Pursuant to Rule 416(a) under the Securities Act of 1933, as amended (the “Securities Act”), this Registration Statement also includes an indeterminate number of additional shares of Common Stock that may become issuable under the Restated 2019 LTIP by reason of anti-dilution and other adjustments.
Pursuant to General Instruction E of Form S-8, this Registration Statement hereby incorporates by reference the contents of the registration statement on Form S-8 previously registering the 2,000,000 shares of Common Stock under the 2019 LTIP (File No. 333-237154), and the information required by Part II is omitted, except as supplemented by the information set forth below.
PART I
INFORMATION REQUIRED IN THE SECTION 10(a) PROSPECTUS
Item 1. Plan Information.*
Item 2. Registrant Information and Employee Plan Annual Information.*
* The information specified in Items 1 and 2 of Part I of Form S-8 is omitted from this Registration Statement in accordance with the provisions of Rule 428 under the Securities Act and the introductory note to Part I of Form S-8. The documents containing the information specified in Part I of this Registration Statement will be sent or given to each plan participant, as applicable, as required by Rule 428(b) under the Securities Act. Such documents are not required to be and are not being filed with the Securities and Exchange Commission (the “SEC”), either as part of this Registration Statement or as prospectuses or prospectus supplements pursuant to Rule 424 under the Securities Act. These documents and the documents incorporated by reference in this Registration Statement pursuant to Item 3 of Part II of this Registration Statement, taken together, constitute a prospectus that meets the requirements of Section 10(a) of the Securities Act.
PART II
INFORMATION REQUIRED IN THE REGISTRATION STATEMENT
Item 3. Incorporation of Documents by Reference.
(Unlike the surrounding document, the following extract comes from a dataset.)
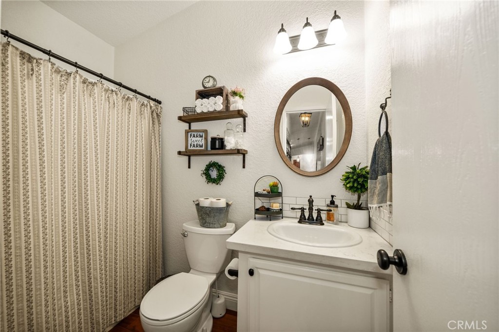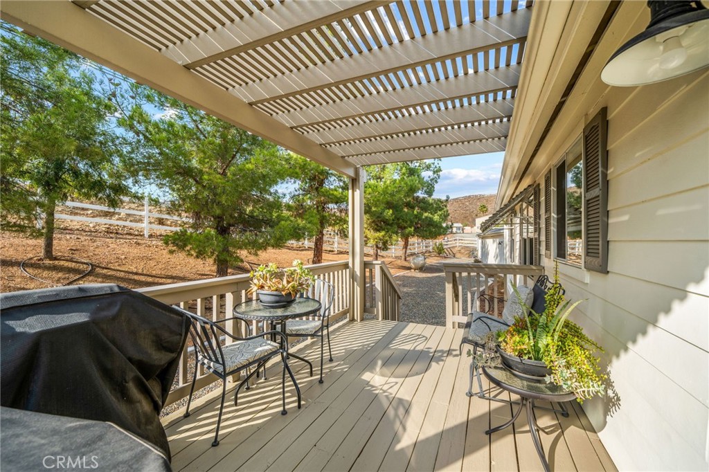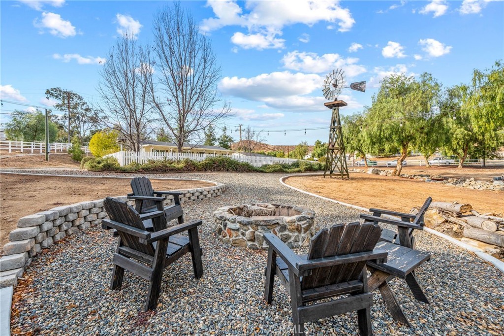 Pride of ownership shines in this meticulously maintained farmhouse style, permanent foundation home. The extra unique value in this opportunity with almost 2 acres and zoned R-A could possibly open up creative potential for buyers looking to expand with ADU or partial garage conversion, or adding structures etc. Custom upgrades include vaulted ceilings, real cherrywood flooring, recessed lighting, ceiling fans, shiplap and board-and-batten accents, elegant quartz kitchen countertops, and a costly 4-stage reverse osmosis filtration included. More upgrades include a 200-amp electrical panel, newer water heater, and an energy saving whole house fan. The walk-in pantry features motion lighting and extra outlets, and all appliances including refrigerator included in purchase. The utility sink in the separated laundry room off the kitchen adds convenience, and the washer and dryer are bonus gifts. Two of four bedrooms boast walk-in closets too! Step outside to an expansive front porch overlooking nearly 2 acres of beautifully cared-for land. The property also offers two oversized detached 2-car garages (one ultra-high for lifted vehicles) with storage, workspace, utility sinks, and separate sub panels, plus a soundproof insulated music room and office between them. All structures are complete with rain gutters for property care, security lighting on timers, and an electric gated front fence with indoor button-controlled access. Fencing includes 3-rail wood, picket, and cross-fenced areas with a secure dog run, and auto sprinklers and drip systems make gardening effortless. Outdoor highlights include a built-in rock fire pit, vintage windmill, fruit trees, and a charming walking bridge over the natural riverbed irrigation. This almost 2-acre property is zoned for horses and agriculture. Perfect country living perks, just minutes from stores and freeways. A true Oasis blending rural charm with city convenience.

The Company hereby incorporates by reference in this Registration Statement the following:
•the description of the Company’s Common Stock contained in Exhibit 4.3 to the Company’s Annual Report on Form 10-K for the year ended December 31, 2024, filed by the Company with the SEC on February 13, 2025, including any amendment or report filed to update such description.
All documents subsequently filed by the Company pursuant to Sections 13(a), 13(c), 14 and 15(d) of the Securities Exchange Act of 1934, as amended (the “Exchange Act”) prior to the filing of a post-effective amendment to which this Registration Statement relates, which indicates that all securities offered hereby have been sold or which deregisters all securities then remaining unsold, shall be deemed to be incorporated by reference in this Registration Statement and to be a part hereof from the date of filing or furnishing of such documents.
Any statement contained herein or in a document, all or a portion of which is incorporated or deemed to be incorporated by reference herein, shall be deemed to be modified or superseded for purposes of this Registration Statement to the extent that a statement contained herein or in any other subsequently filed document which also is or is deemed to be incorporated by reference herein modifies or supersedes such statement. Any such statement so modified or superseded shall not be deemed, except as so modified or superseded, to constitute a part of this Registration Statement.
Notwithstanding the foregoing, no information is incorporated by reference in this Registration Statement where such information under applicable forms and regulations of the SEC is not deemed to be “filed” under Section 18 of the Exchange Act or otherwise subject to the liabilities of that section, unless the report or filing containing such information indicates that the information therein is to be considered “filed” under the Exchange Act or is to be incorporated by reference in this Registration Statement.
Item 8. Exhibits.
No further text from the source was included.